# Jobs for Americans in Dokki?



## Speed (Jun 30, 2012)

Hi everyone,
This is my first post on the forum (I lurked quite some time before signing up). I have been in Egypt for roughly one year and 4 months and didn't work. I didn't initially plan on staying so I was just enjoying my days. Now that I plan on staying for at least a couple more years, I've become increasingly bored. I would like to try and find a job, not for monetary reasons, but for something to do. Can anyone point me in a good direction?

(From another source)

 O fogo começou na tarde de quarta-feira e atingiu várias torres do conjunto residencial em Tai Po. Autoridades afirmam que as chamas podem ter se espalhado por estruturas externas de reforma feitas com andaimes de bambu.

I would really appreciate it.


----------



## MaidenScotland (Jun 6, 2009)

Hello and welcome to the forum

I am sure you have been reading about the lack of jobs, not getting work visas etc.

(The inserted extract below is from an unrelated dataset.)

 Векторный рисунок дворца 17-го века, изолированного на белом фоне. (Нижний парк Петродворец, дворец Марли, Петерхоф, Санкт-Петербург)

If you do not need the money why do you not do some voluntary work for charities,


----------



## Lanason (Sep 1, 2009)

mmm working needs Work Visa - do you have one ??


----------



## hurghadapat (Mar 26, 2010)

Lanason said:


> mmm working needs Work Visa - do you have one ??


and it's the employer who applies for it


----------



## Lanason (Sep 1, 2009)

I know that 

what i mean is - the guy has been here for over a year not working - on a tourist visa

then wants a job - what skills does he have that are not available locally ???


----------



## alexvw (Mar 10, 2012)

Give Speed a chance! Maybe we are talkung about an expat wife, that has a residence visa and is bored of playing golf and tennis all day?? I can relate, and I sometimes also wonder, how the chances are for a well educated foreign lady to get a reasonable job here.


----------



## Lanason (Sep 1, 2009)

alexvw said:


> Give Speed a chance! Maybe we are talkung about an expat wife, that has a residence visa and is bored of playing golf and tennis all day?? I can relate, and I sometimes also wonder, how the chances are for a well educated foreign lady to get a reasonable job here.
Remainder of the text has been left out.